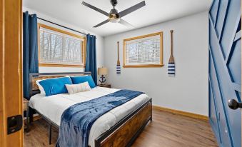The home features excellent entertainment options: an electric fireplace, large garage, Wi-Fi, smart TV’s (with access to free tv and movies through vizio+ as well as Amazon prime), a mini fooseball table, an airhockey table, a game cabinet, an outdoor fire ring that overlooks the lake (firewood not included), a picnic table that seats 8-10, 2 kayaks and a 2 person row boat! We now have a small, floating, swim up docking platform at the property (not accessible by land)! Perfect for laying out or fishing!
...
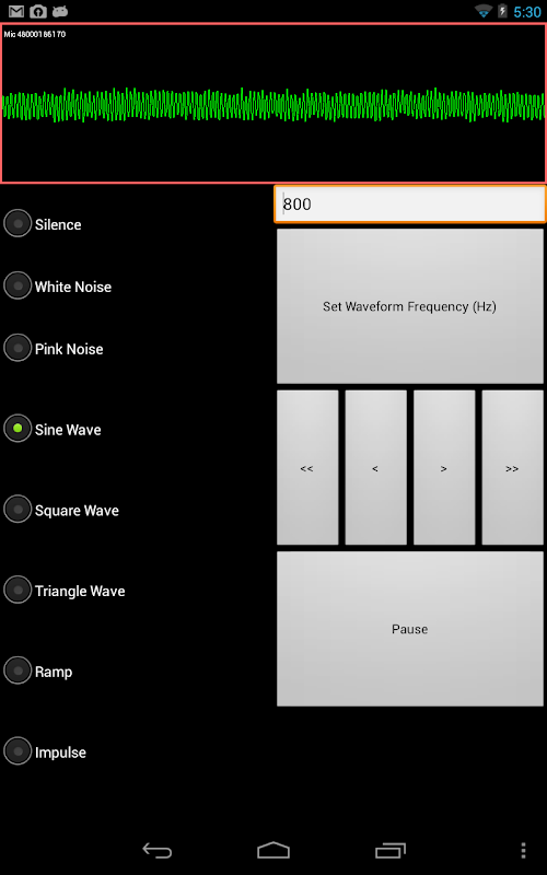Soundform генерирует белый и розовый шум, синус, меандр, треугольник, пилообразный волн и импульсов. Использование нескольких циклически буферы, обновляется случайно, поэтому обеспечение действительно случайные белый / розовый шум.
---
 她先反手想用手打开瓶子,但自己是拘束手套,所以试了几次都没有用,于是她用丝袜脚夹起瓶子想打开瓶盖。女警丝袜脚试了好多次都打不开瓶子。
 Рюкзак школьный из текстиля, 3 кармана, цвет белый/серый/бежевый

▶ _Requirement_
Above are the entries. Output exactly the lines beginning with the line that has "她先反手想用手打开瓶子,但自" and ending with the line that has "Рюкзак школьный из".

▶ _Response to the task_
 她先反手想用手打开瓶子,但自己是拘束手套,所以试了几次都没有用,于是她用丝袜脚夹起瓶子想打开瓶盖。女警丝袜脚试了好多次都打不开瓶子。
 Рюкзак школьный из текстиля, 3 кармана, цвет белый/серый/бежевый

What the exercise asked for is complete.